Еще в Негласном комитете Чарторыский выступал за боле решительное противодействие Наполеону. Его поддерживали …Строганов и Новосильцев. Даже русский посол в Париже отметил возрастание роли Чарторыского в русской внешней политике. Но для того времени это было преувеличение, т.к. князь еще не был членом коллегии. Когда он стал товарищем министра его влияние стало действительно очень большим. Товарищи министров было ближе у царю, чем сами министры. Т.к. было посредникам между главами ведомств и монархом.

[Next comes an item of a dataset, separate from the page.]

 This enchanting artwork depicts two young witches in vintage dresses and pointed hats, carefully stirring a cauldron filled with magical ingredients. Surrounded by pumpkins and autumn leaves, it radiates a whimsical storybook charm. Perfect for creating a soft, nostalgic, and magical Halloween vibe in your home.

Противниками Чарторыского выступали П.А. Толстой, П.П. Долгорукий, мать императора, московская аристократия и русские дипломаты, в первую очередь А.И. Морков и А.К. Разумовский. Небольшой кружок друзей Чарторыского из членов Неофициального комитета не всегда мог противостоять их нападкам. Тем не менее, нелюбовь не было преобладающим явлением. На русской службе было немало иностранцев, в том числе и его соотечественники - Ф. и С. Ожаровский, Б. Грохульский, И. Лисовский - в министерстве иностранных дел. До 1805 г. князь Чарторыского не попрекали его польским происхождением. В нем видели "тонкого и глубоко мыслящего дипломата", ценили за близость к царю. Однако единственными настоящими сторонниками Чарторыского, участвующим в реализации его политических проектов было Строганов, Новосильцев, Воронцовы и царь. Высшие слои терпели его лишь под условием поддержки последнего.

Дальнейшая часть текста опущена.